Вечером в доме Усовых Славка рассказал об этой операции. Рассказал Гоге о Санином оружии. Но это после, когда Гога провожал Славку. А сначала, когда вошел, застал такую картину. Усовы уже поужинали, убрали со стола, лампу зажгли, но с места никто не ушел, все как сидели за столом на своих местах, так и остались сидеть. Лампа висела под потолком на середине комнаты и освещала кого в лицо, кого в затылок, а кого сбоку. Все освещенные по-разному лица были обращены к вислоносому Гоге, который сидел рядом с дядей Петей в святом углу. Гога, как понял Славка, рассказывал про «Витязя в тигровой шкуре». Он читал по-грузински, потом по-русски, потом пересказывал содержание и снова читал на память.
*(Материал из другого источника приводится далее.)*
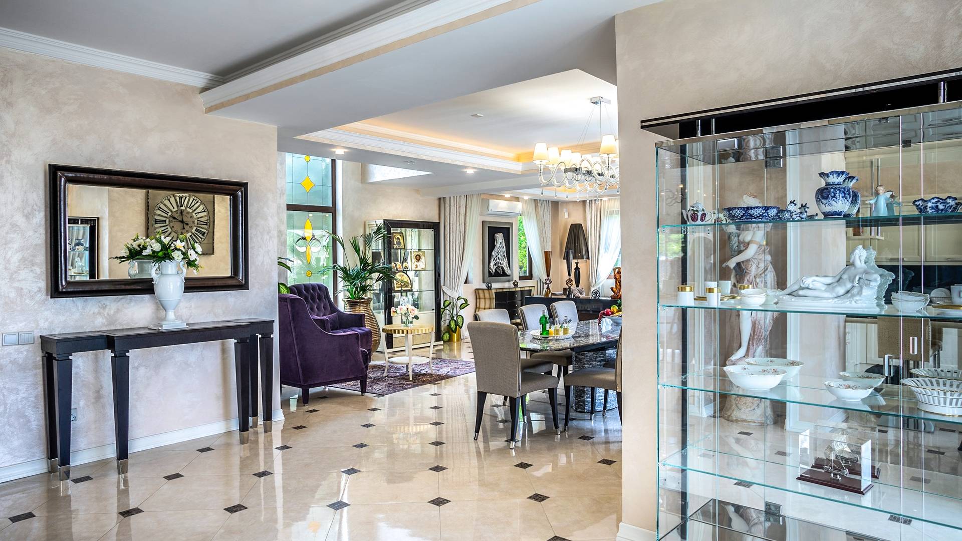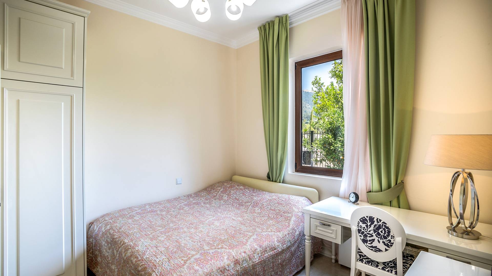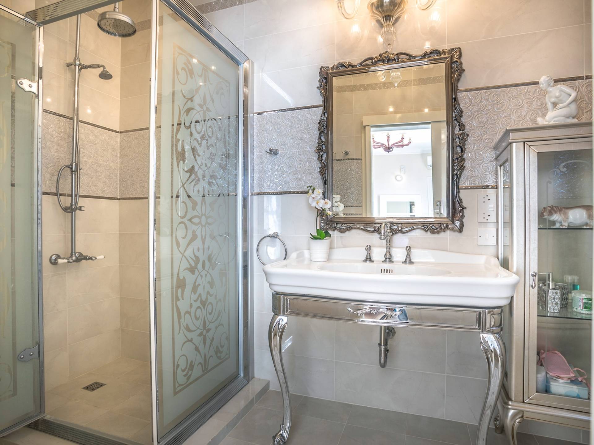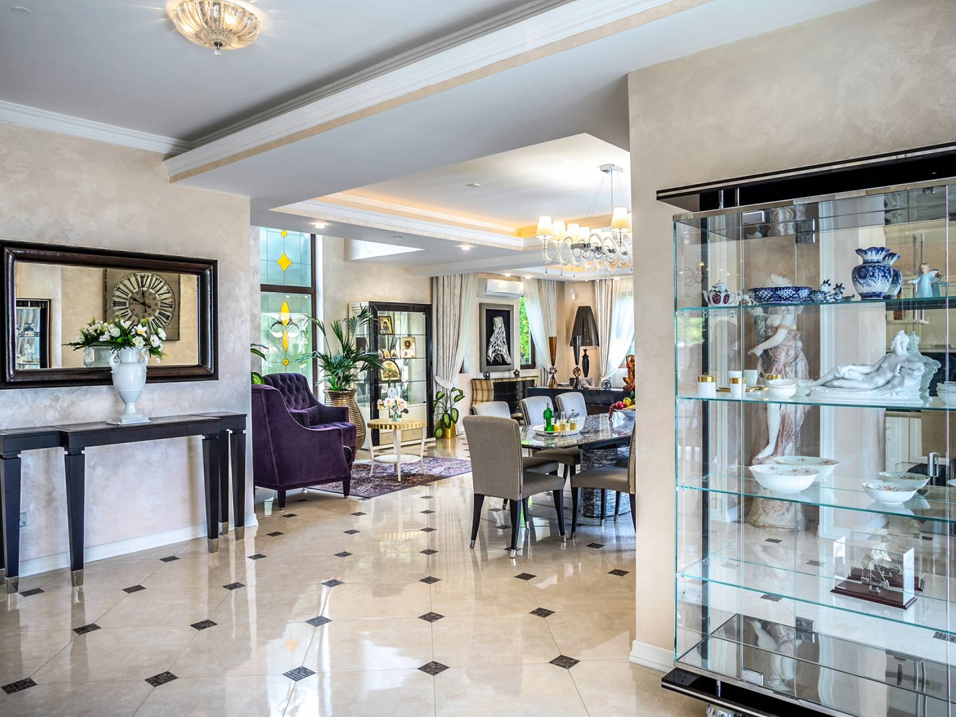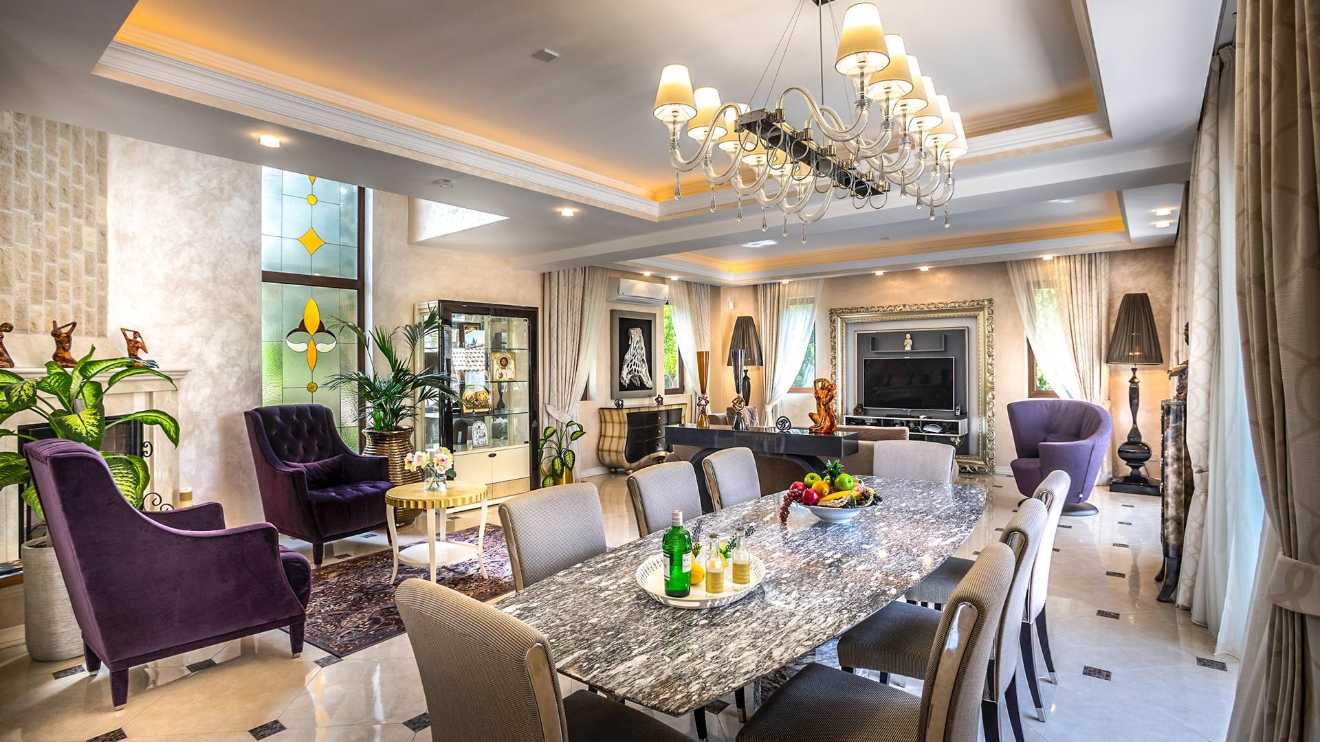 Итальянская кухня виллы оснащена высококлассной немецкой посудой, стаканами, столовыми приборами, различной кухонной утварью, винным холодильником, современной кухонной техникой. В спальнях и ванных комнатах виллы всегда новое свежее постельное белье и полотенца высочайшего качества, новейшая сантехника, кондиционеры и полы с подогревом, высокоскоростной WiFi, спутниковое и кабельное телевидение. Вилла оборудована итальянской мебелью марки «Fendi», коллекционными скульптурными композициями KPM (Германия), фарфором и бронзой.

Никто из семьи Усовых даже слыхом не слыхал о Руставели, о его поэме. Но всех их — и малых и старых — Гога зачаровал. Они слушали без единого звука, без единого шевеления. Даже маленькие, ничего не понимавшие, из уважения к старшим сидели смирно, с открытыми ртами смотрели на Гогу. Им нравилось больше всего, когда Гога читал по-грузински — с каким-то клекотом, цоканьем, с придыханием, диковато и, главное, абсолютно непонятно.
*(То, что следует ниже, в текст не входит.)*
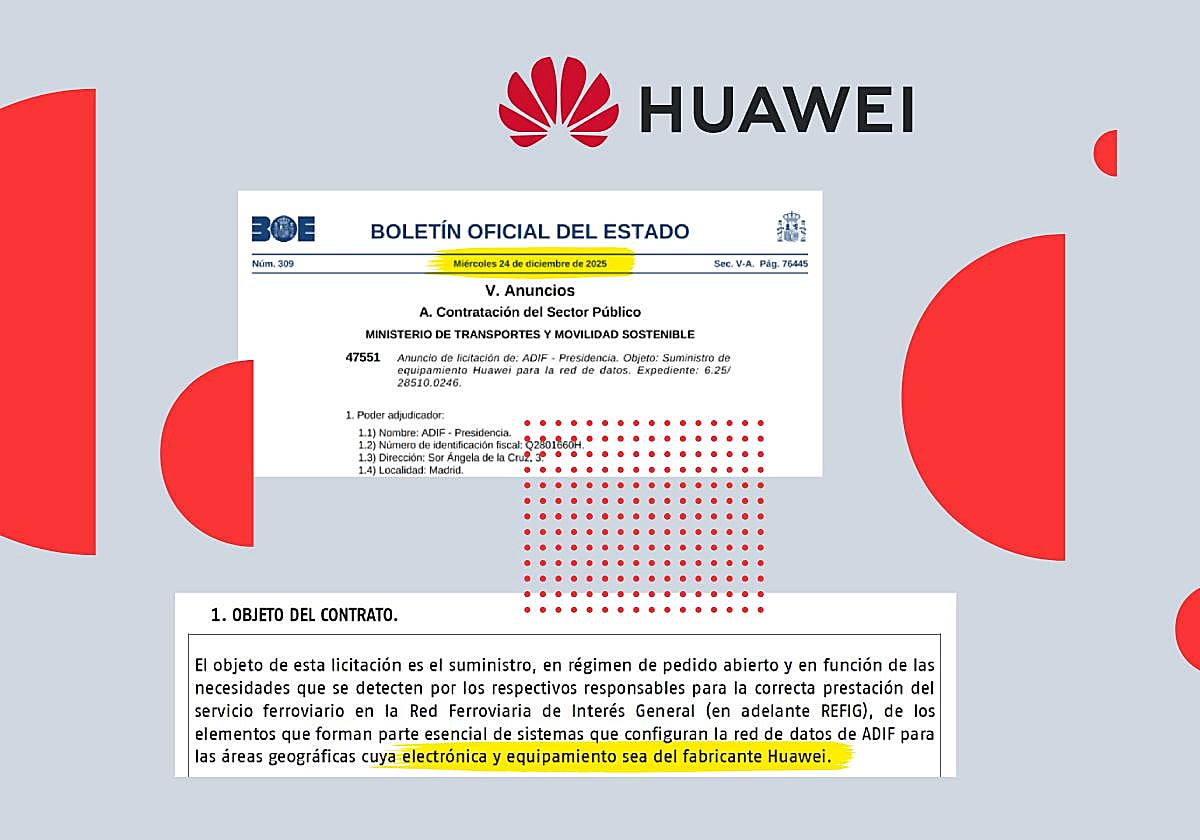 El Gobierno español sigue atándo a la Administración a Huawei pese a las reiteradas advertencias de sus aliados europeos y de Estados Unidos. Esta Nochebuena -uno de los días en que podía pasar más desapercibido- el Boletín Oficial del Estado publicó el anuncio de una licitación de Adif para el suministro de equipamiento del gigante chino para su red de datos. Huawei está obligado por las leyes de Seguridad Nacional y Ciberseguridad de su país a proporcionar al Partido Comunista cualquier dato que le requiera por lo que si este material implica conexión a internet en algún punto existe el riesgo claro de fuga de datos. El listado de equipos a adquirir incluye rúteres y 'switches' y fuentes oficiales de Adif aseguraron a ABC que no se conectarán a internet. Al respecto, expertos en ciberseguridad consultados por este periódico advirtieron que aunque este material se utilice para una red interna, si ésta se conecta en algún punto a internet también puede producirse una brecha de seguridad. Sin esa conexión los expertos consideran que la fuga de datos es «difícil» salvo que los equipos estén «trucados de fábrica», aunque matizan que esto «nunca se le ha demostrado» al gigante chino. Valorando todo ello, su conclusión es que «lo más prudente sería no comprar equipos de Huawei donde haya datos importantes para la seguridad». La integridad, control y ciberprotección de los datos de la infraestructura ferroviaria es estratégica ya que de ella dependen el transporte de viajeros y mercancías, tanto de nacionales como de extranjeros, e implica servicios esenciales y actividades económicas.Esta nueva licitación se produce en un clima de desconfianza instaurado por los crecientes vínculos del Gobierno de Pedro Sánchez con China, el 'lobby' que desarrolla la consultora de Pepe Blanco para Huawei, los viajes del expresidente José Luis Rodríguez Zapatero a aquel país asiático, y la opacidad del Gobierno sobre todo ello. La publicación del anuncio el día de Nochebuena no añade transparencia a este contexto. El importe de la licitación está valorado en hasta 484.000 euros por dos años incluyendo impuestos, y el presidente del administrador de las infraestructuras ferroviarias, Luis Pedro Marco de la Peña , quiere resolverlo rápidamente: el plazo para la presentación de ofertas expira el 12 de enero a las 10.00 horas, tan solo unos días después del final de las fiestas navideñas.Según el informe sobre el inicio del expediente, el objeto de la licitación es el suministro «en función de las necesidades que se detecten por los respectivos responsables para la correcta prestación del servicio ferroviario en la Red Ferroviaria de Interés General de los elementos que forman parte esencial de sistemas que configuran la red de datos de Adif para las áreas geográficas cuya electrónica y equipamiento sea del fabricante Huawei». Adif justifica la adquisición de estos materiales del gigante chino en que son «necesarios e imprescindibles para el buen funcionamiento de la red de datos en las labores de mantenimiento que requieran la sustitución de estos elementos». Es decir, que se trata en su mayoría de una renovación de repuestos para equipos del gigante chino comprados en el pasado porque éstos no son compatibles con otras tecnologías , lo que alerta respecto a la dependencia futura que implica contratar con Huawei. Esto sucede también con otros gigantes tecnológicos pero ni los europeos ni los estadounidenses están obligados a facilitar por ley a sus gobiernos los datos que estén en su poder. Y pese a las advertencias crecientes de los aliados internacionales de España no ha implementado ningún plan para desvincularse del gigante chino.Este verano, el polémico contrato adjudicado por el Ministerio del Interior a Huawei para el almacenamiento de escuchas judiciales provocó que el Congreso de Estados Unidos solicitara a la Administración Trump la revisión del envío de información de inteligencia a España para asegurar que esos datos no puedan acabar después en manos del gobierno chino. Tanto Interior como el Gobierno español aseguraron que se trata de un sistema totalmente estanco que no tiene conexión a internet.La UE lanzó varias advertencias a España sobre la necesidad de blindar la información estratégica frente a Huawei. Bruselas, por ejemplo, ha puesto como condición para recibir ayudas al despliegue de las redes de 5G que los proyectos no cuenten con ningún dispositivo del gigante chino.Licitación «abierta»La licitación que planeta Adif es abierta por lo que puede presentarse cualquier proveedor pero el gigante chino gana de partida ya que el material a comprar es de fabricación suya, aunque lo suministre un tercero a cambio, probablemente, de una comisión. No obstante, el criterio que decidirá la adjudicación es solo uno, el precio más bajo, por lo que si Huawei quiere presentarse tiene todas las opciones de presentar la oferta más barata, aunque esto no cambiará demasiado su beneficio final con la operación. La Ley de Contratos del Sector Público obliga a incluir más de un criterio de adjudicación pero permite hacer la excepción cuando «los productos a adquirir estén perfectamente definidos y no sea posible variar los plazos de entrega ni introducir modificaciones de ninguna clase en el contrato, siendo por consiguiente el precio el único factor determinante de la adjudicación». Adif considera que esta excepción es aplicable ya que «la prestación se encuentra perfectamente definida y no es susceptible de ser mejorada por modificaciones de ninguna clase y tampoco se considera una ventaja para ADIF el adelanto en los plazos requeridos». Quienes aspiren a hacerse con este contrato tendrán que garantizar su solvencia económica y financiera. Aunque el presupuesto máximo es de 484.000 euros, las unidades de equipamiento licitadas son estimadas y se irán ejecutando «en función de las neces

На Славку, конечно, не обратили никакого внимания, а он, разобравшись, в чем дело, тихонечко присел в сторонке, снял шапку и заслушался сам.
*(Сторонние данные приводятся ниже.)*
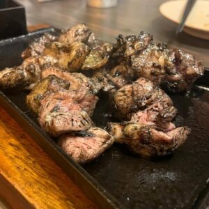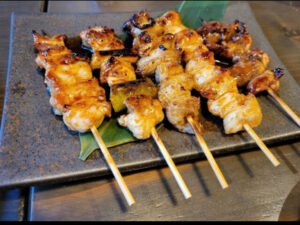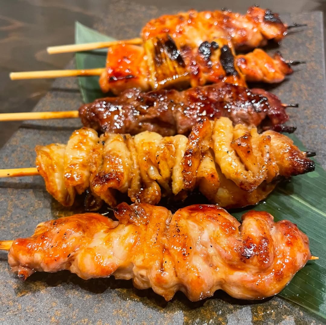 炭火で丁寧に焼き上げた、香ばしい地鶏の串焼き
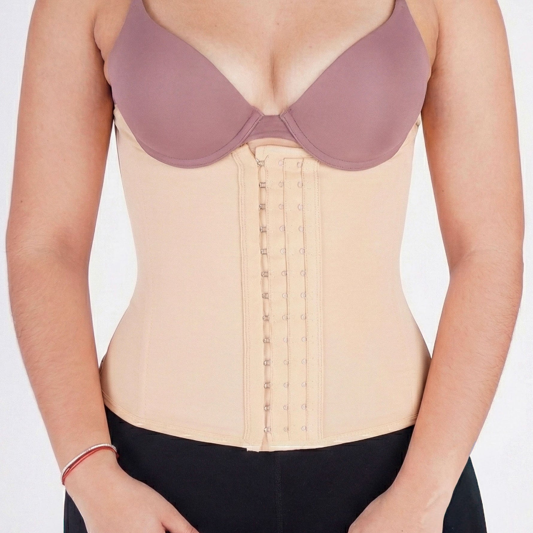 1. Colócala correctamente: Abrocha la cinturilla desde la parte inferior hacia arriba, asegurándote de que quede alineada con tu cintura y abdomen para un ajuste uniforme.
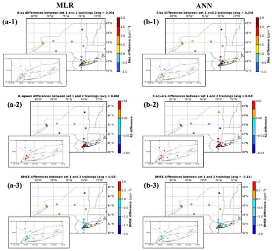 Differences of bias (1), R-squared (2) and RMSE (3) values at selected sites between the (a-1,a-2,a-3) MLR-1 and MLR-2 models, and the (b-1,b-2,b-3) ANN-1 and ANN-2 models. Differences were defined as the statistical scores of set 2 model minus those of set 1 model.
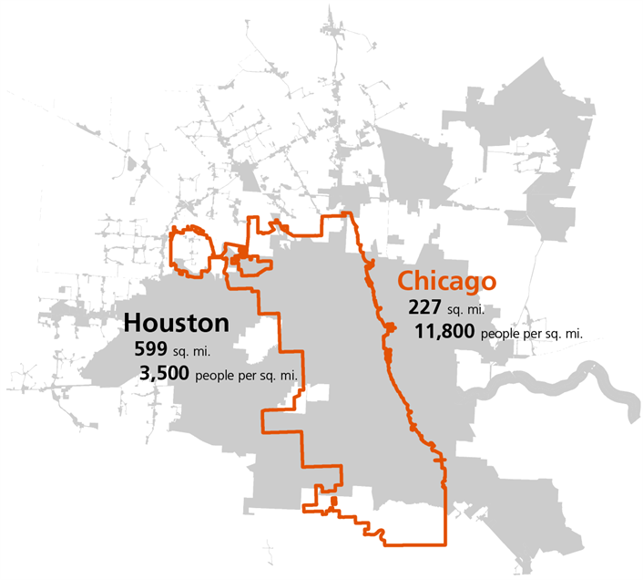 That all looks pretty rosy for Houston, but here’s the issue: Houston’s growth comes at a cost: mainly sprawl, poor air quality and traffic congestion. In fact, Houston may be the very definition of sprawl. According to the U.S. Census, at 599 square miles the city is more than double the area of Chicago’s 227 square miles. Houston's population density is much lower, with only 3,500 people in each square mile compared to 11,800 in Chicago. The City of Houston is larger than the combined area of Philadelphia, Detroit, Baltimore and Chicago. In total, those four cities have a population of 5.5 million people, or 3 million more than Houston, living in the same amount of space.
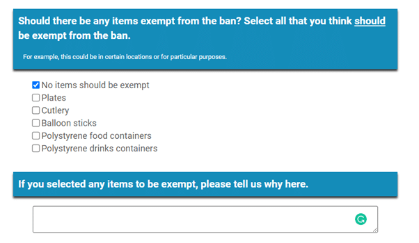 The items listed reflect the remaining items that have yet to be banned in England that are included under Article 5 of the EU Single-Use Plastic Directive.
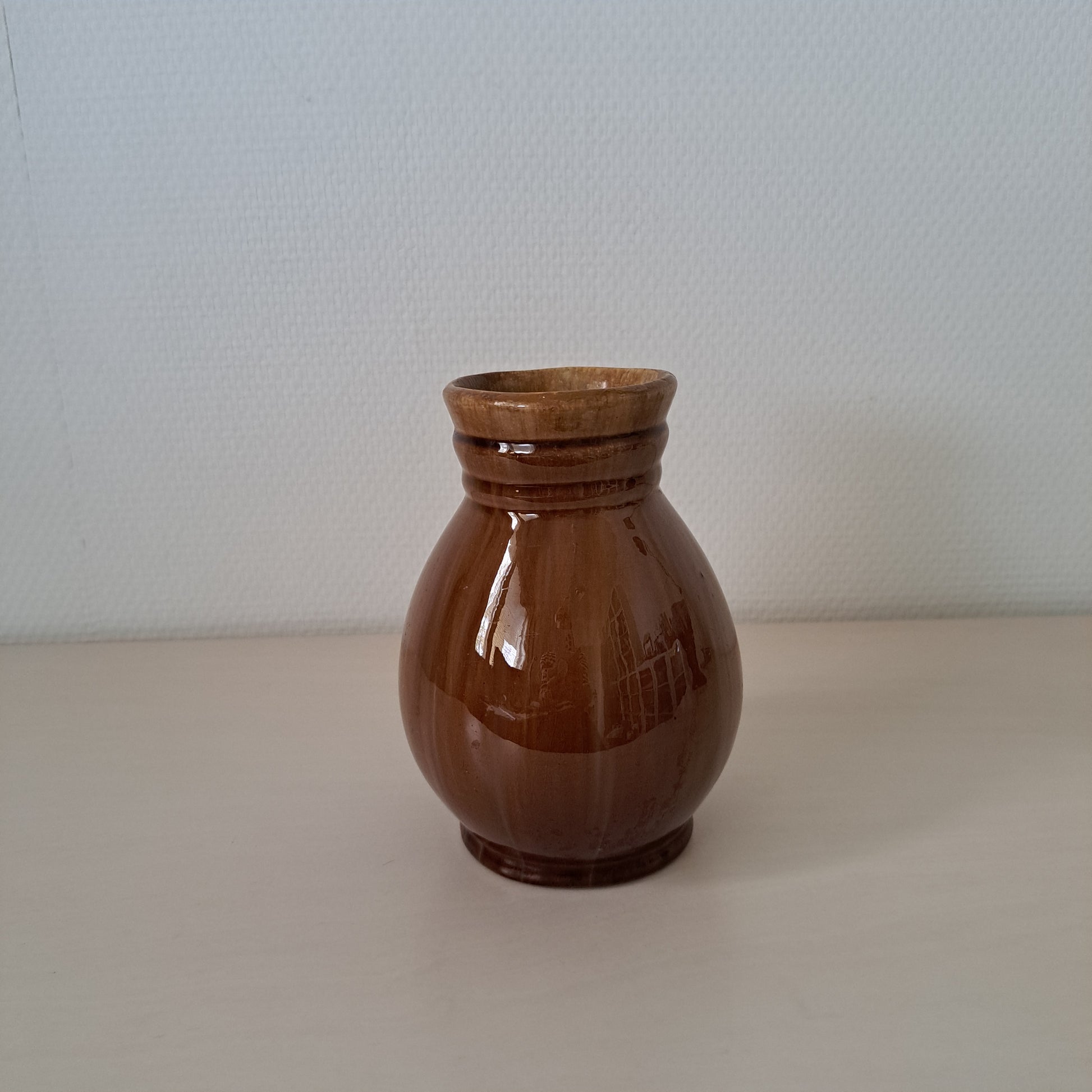 Kupittaan saven pyöreät muodot omaava maljakko, joka on väriltään ruskea. Maljakon pinnassa pientä krakelotumista.

Пронеслась их жизнь, как будто сновидение ночное.

Претерпели страсти мира и времен коварство злое.

Кто б назвать решился вечной жизнь, мгновение земное?

Песней мерить мне ли, месху Руставели, зло такое?

Для царя грузин Давида, в чьем служеньи луч-хранитель,

Я сей сказ сложил стихами, чтоб развлекся повелитель,

Кто с Востока путь на Запад проложил, как сокрушитель,

Где лишь пеплом стал предатель и обласкан верный житель.

— Вот и все,— сказал Гога и замолчал.

Первой высказалась хозяйка.

— Вроде вот ты и наш, Слава,— сказала она, обратившись к Славке,— а не можешь так-то. А рисует, все как живое получается. А знает сколько, не гляди что гру-зинец или армян.

— Не говорите так,— сказал Гога.— Слава учился в таком институте, куда не каждого принимают. Вот кончится война, Слава напишет про нас с вами книгу, и кто-нибудь будет читать или рассказывать, как я о Руставели, а люди будут сидеть вот так, слушать, молчать и, может быть, плакать.

— Неужели правда, Слава?

— Не знаю,—сказал Славка,— так Гоге хочется.

— Во люди,— с искренним удивлением вздохнула хозяйка.—А мы что? Едим, темные, да спим, да детей во делаем. Разве ж это жизнь?

— А вы знаете,—вдруг оживился Гога,—приезжайте к нам в Тбилиси, после войны, конечно. Катюша,—обратился он к старшей дочери,— возьми карандаш и запиши адрес. Я покажу вам Тбилиси, поглядите на наш город с горы Мтацминда. Поедем в Гори, где Сталин родился, поедем в Вардзиа, расскажу вам про Вардзиа, поедем в Боржоми, воду будем пить, вино будем пить, шашлык будем есть, песни будем петь. О-а-а-о-а-а-а,— запел Гога, и его бас низко прошел, как по глубокому ущелью.— Давай, Катюша, пиши, дорогая.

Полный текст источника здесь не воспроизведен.